_The task_
Find the line with "Stylish Grey Jeans" in the records below. Copy it and every line after it, up to and including the line with "HERBAMAMA Stone Breaker".

Extracted material below:

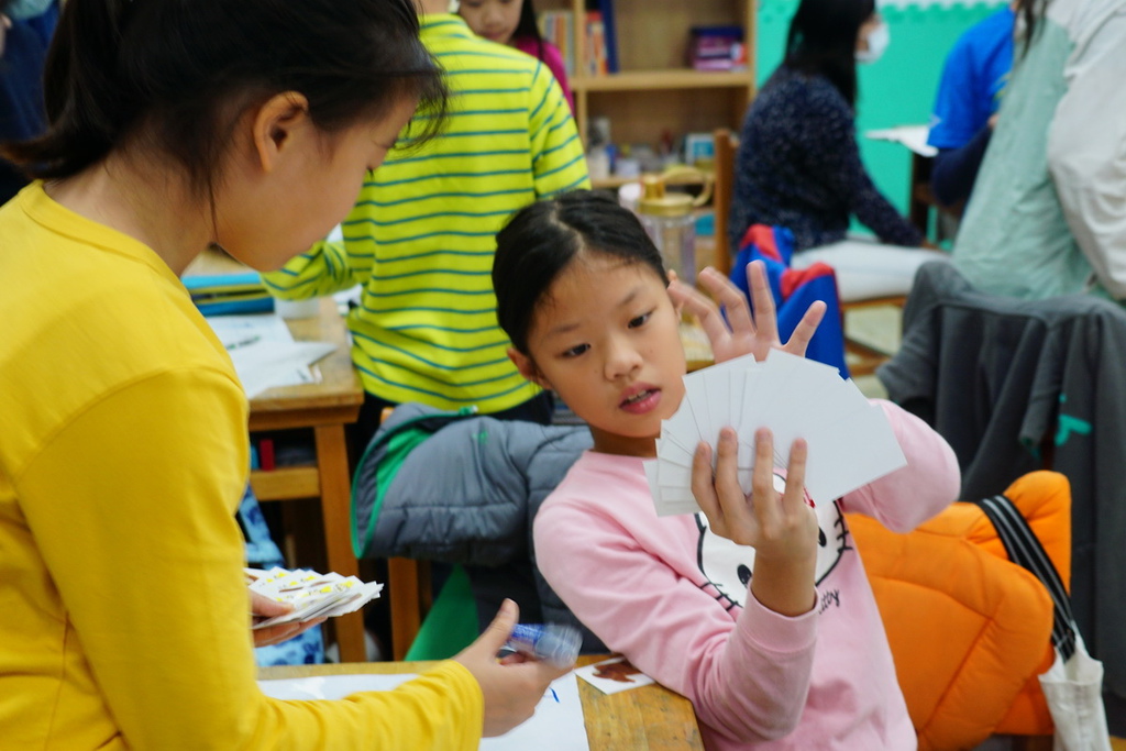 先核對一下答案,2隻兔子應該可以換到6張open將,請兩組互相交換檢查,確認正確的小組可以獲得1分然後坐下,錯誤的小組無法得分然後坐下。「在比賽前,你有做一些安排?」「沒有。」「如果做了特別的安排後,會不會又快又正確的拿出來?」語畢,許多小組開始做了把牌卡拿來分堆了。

End of Extracted material.
Extracted material below:

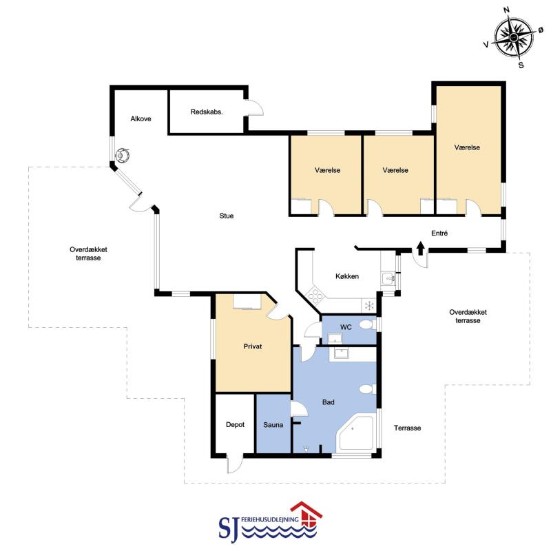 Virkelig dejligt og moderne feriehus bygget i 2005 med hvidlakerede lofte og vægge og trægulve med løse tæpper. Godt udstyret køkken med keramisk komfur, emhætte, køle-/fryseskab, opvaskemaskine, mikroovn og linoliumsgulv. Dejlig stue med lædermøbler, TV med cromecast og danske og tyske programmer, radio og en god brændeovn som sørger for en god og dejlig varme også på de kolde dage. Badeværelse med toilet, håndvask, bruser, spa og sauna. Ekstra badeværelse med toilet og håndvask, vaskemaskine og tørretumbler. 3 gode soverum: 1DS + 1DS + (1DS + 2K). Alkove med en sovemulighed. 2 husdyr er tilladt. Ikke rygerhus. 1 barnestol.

End of Extracted material.
Extracted material below:

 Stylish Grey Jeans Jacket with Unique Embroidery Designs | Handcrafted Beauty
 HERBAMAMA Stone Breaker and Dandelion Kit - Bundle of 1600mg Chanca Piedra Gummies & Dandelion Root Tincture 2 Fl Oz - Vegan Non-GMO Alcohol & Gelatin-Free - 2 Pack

End of Extracted material.

_Answer box_
 Stylish Grey Jeans Jacket with Unique Embroidery Designs | Handcrafted Beauty
 HERBAMAMA Stone Breaker and Dandelion Kit - Bundle of 1600mg Chanca Piedra Gummies & Dandelion Root Tincture 2 Fl Oz - Vegan Non-GMO Alcohol & Gelatin-Free - 2 Pack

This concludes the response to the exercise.